Quebec Liberals promise school curriculum on genocide if elected

By Philip Authier

The Gazette – Quebec’s Liberals rose to hug and congratulate each other Sunday after adopting a motion that says a Liberal government would make teaching the history of genocides, including the Holocaust, mandatory in Quebec schools.

Such a program would become obligatory starting in the seventh grade, the Liberals decided during a weekend general council meeting where the central theme was the economy and responsible fiscal management.

To the latter end, interim Liberal leader Marc Tanguay tagged François Legault the worst premier in contemporary Quebec history because of his government’s $11-billion deficit.

The debate on the delicate issue of genocide nearly went under the radar in the rush to formalize other policies.

“Today we want to ensure the most sombre chapters of history are taught,” Leslie Perez, a member of the D’Arcy-McGee riding association, said in a passionate pitch to delegates.

“It is proven that education on genocide contributes to critical thinking and a social conscience.”

The motion was the result of a compromise hammered out by delegates. The original wording proposed by D’Arcy-McGee spoke only of making the teaching of the Holocaust mandatory; some Liberals felt that was too restrictive.

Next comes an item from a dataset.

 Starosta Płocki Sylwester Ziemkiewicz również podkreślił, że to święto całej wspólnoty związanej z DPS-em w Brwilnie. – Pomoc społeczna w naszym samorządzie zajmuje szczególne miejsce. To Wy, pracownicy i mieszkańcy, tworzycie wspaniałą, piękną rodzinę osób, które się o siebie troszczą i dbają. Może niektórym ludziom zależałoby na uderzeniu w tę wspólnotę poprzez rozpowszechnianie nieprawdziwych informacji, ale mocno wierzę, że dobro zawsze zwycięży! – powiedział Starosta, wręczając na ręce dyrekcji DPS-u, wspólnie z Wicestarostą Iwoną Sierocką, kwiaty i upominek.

The new wording, adopted unanimously, includes a long list of other international genocides, including the Armenian, Bosnian and Rwandan genocides. It also mentions those affecting the First Nations in North America.

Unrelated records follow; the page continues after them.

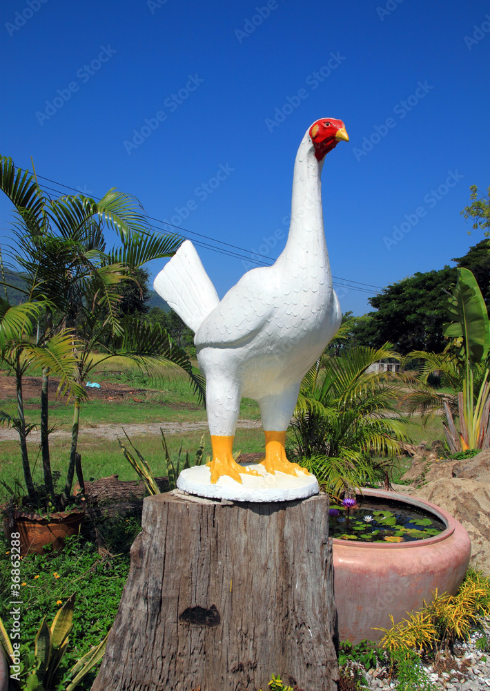 Large white stone chicken statue
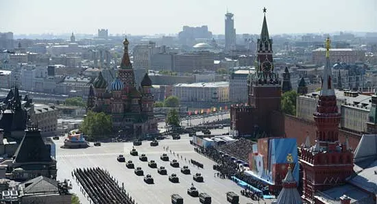 TASS cho biết, Tổng thống Vladimir Putin cùng Thủ tướng Dmitry Medvedev và các đại diện chính phủ đã tham dự cuộc diễu binh tại Quảng trường Đỏ ở Moscow.
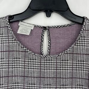 Van Heusen Womens XXL Pullover Knit Top Black Purple Houndstooth Plaid 3/4 Slv

The resolution says programs will be developed to provide resources and activities that will “deepen (students’) understanding and empathy,” and make use of an existing guide developed by the Education Ministry.

“Different areas of the world, different peoples have experienced genocides differently,” D’Arcy-McGee MNA Elisabeth Prass said in an interview with The Gazette after the vote when asked about the change of wording. “The whole goal is to make sure our youth are educated in order to not make the mistakes of the past.”

D’Arcy-McGee riding was backed by Chomedey MNA Sona Lakhoyan Olivier, who noted her own Armenian roots in addressing the plenary.

“It’s a historic day,” Lakhoyan Olivier said afterward. “The thing is, children do not get the whole history of the world.

“It’s part of education, you know, being a better human being. By adding all the genocides, including the Holocaust, people are going to listen better and there will be better acceptance.”

After the vote, many Liberals made a point of walking over to the table occupied by the D’Arcy-McGee delegates for a group hug — a fact that did not surprise Tanguay.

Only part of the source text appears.